The use of social media has created unique issues for employers and employees. Individuals often choose to use social media as a platform for voicing opinions and concerns, including complaints about issues in the workplace. While many employers would likely choose to just prohibit any negative comments on social media by employees, these types of restrictions are not allowed under the National Labor and Relations Act. Section 7 of the Act gives employees rights to engage in protected concerted activity and restrictions on social media use can be seen as unlawful restraints on these rights. The National Labor Relations Board (“NLRB”) offers guidance about the types of restrictions on social media use that are acceptable under the Act.
According to the NLRB, employees “have the right to address work-related issues and share information about pay, benefits, and working conditions” on social media sites. However, not all speech is protected under the Act. For employee speech to be protected under the Act, the communication “must have some relation to group action, or seek to initiate, induce, or prepare for group action, or bring a group complaint to the attention of management.” An employee’s social media post simply complaining about some aspect of work is not considered “concerted activity” protected under the Act. Similarly, posts about an employer “that are egregiously offensive or knowingly and deliberately false” or posts publicly disparaging an employer’s products or services unrelated to a labor controversy, are not protected. Based on recent opinions by the NLRB, below are specific employer social media rules both permitted and prohibited under the Act.
What Can Employers Require Regarding Employees’ Use of Social Media?
The following types of social media restrictions made in employment documents, such as an employee handbook, are permitted:
- Requiring employees who post about their employer on social media to make it clear that they are an employee of the company, but not speaking on behalf of the company or as an official company representative;
- Requiring that any company-branded social media accounts (with all or part of the company name in the account name or URL or using the company logo) must be approved in advance;
- Requiring certain disclaimers to be used on personal social media accounts if employees are speaking about their employer in any way, including re-sharing information from their employer’s official company social media accounts. Specifically, requiring employees’ twitter bios to include a disclaimer, such as “tweets my own” or “views my own” is permitted. Also permitted, is requiring comments made on blogs and news sites to include disclaimers stating that any opinions expressed are personal views and not the views of the employer;
- Prohibiting employees from posting anything discriminatory, harassing, bullying, threatening, defamatory, or unlawful and posting content, images or photos that the employee doesn’t have the right to use. Generally, requirements for “harmonious relationships” in the workplace and requiring employees to uphold basic standards of “civility” are permitted;
- Prohibiting employees from discussing or posting protected personal information about other colleagues, customers, clients, or partners unless employees have their written consent to do so;
- Prohibiting employees from taking or sharing photos from non-public areas or internal meetings, including photos taken in break rooms, stock rooms, conference rooms, and any other area that is not open to the public, as well as any photos of company presentations/slides, documents, notices or computer screens of any kind. Additionally, general prohibitions on photography and recording in the workplace are allowed; and
- Prohibiting employees from publicly disclosing company-provided “internal” communications and information. However, employers should be careful about how such provisions are drafted, because while prohibitions from disclosing trade or business secrets are allowed, a general prohibition on posting confidential information will be found unlawful, if employees could reasonably interpret the restriction to include information about their terms and conditions of employment (which employees are free to post about).

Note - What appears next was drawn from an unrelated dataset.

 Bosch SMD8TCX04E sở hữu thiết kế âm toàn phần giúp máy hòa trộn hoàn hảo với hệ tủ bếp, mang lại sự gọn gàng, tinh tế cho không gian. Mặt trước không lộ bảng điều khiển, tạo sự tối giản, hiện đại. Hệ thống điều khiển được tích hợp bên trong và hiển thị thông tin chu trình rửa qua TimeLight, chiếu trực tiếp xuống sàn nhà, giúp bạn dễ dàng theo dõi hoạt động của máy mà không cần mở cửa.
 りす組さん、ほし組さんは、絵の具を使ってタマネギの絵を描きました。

However, employers cannot include the following types of restrictions:
- Requiring that employees identify themselves by name if they mention their employer or discuss their work on social media;
- Prohibitions on disclosing “employee information” through social media, since “employee information” can encompass employee contact information and other non-confidential employment-related information, which employees are free to post; and
- Prohibitions on posting “inaccurate” or “false” statements (while employers may prohibit “maliciously false” statements, employees are free to post inaccurate statements, as long as those statements do not constitute malicious defamation).

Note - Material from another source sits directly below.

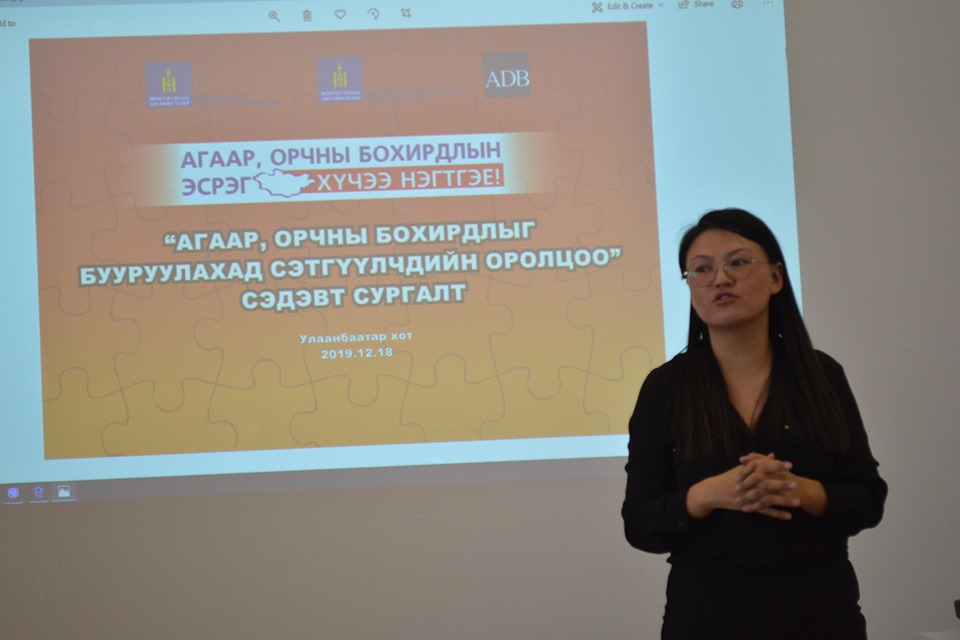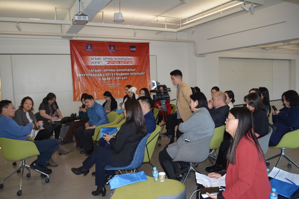 Байгаль орчин аялал жуулчлалын яам, Орчны бохирдлыг бууруулах үндэсний хороо, Азийн хөгжлийн банк хамтран хэрэгжүүлж буй Агаарын бохирдлыг бууруулахад иргэдийн оролцоог нэмэгдүүлэх зорилготойгоор компанит ажил, арга хэмжээнүүдийг үе шаттайгаар зохион байгуулсаар байна. Уг ажлын хүрээнд “MN17 Галерей”-д “АГААРЫН БОХИРДОЛЫГ БУУРУУЛАХАД СЭТГҮҮЛЧДИЙН ОРОЛЦОО” сэдэвт сургалт /2019.12.18/ зохион байгуулж, телевиз, өдөр тутмын сонин, сайтын 30 орчим сэтгүүлч оролцож сертификат гардлаа.

Well-designed social media policies can protect employers and ensure social media is used to a company’s advantage. The NLRB’s standards for determining whether or not social media restrictions are appropriate have become more relaxed in recent years, and employers may want to review their current social media policies, or create new policies, based on the NLRB’s recent guidelines. However, since it can be easy to impose a restriction that unintentionally restricts an employee’s rights, it would be beneficial to seek guidance from experienced attorneys.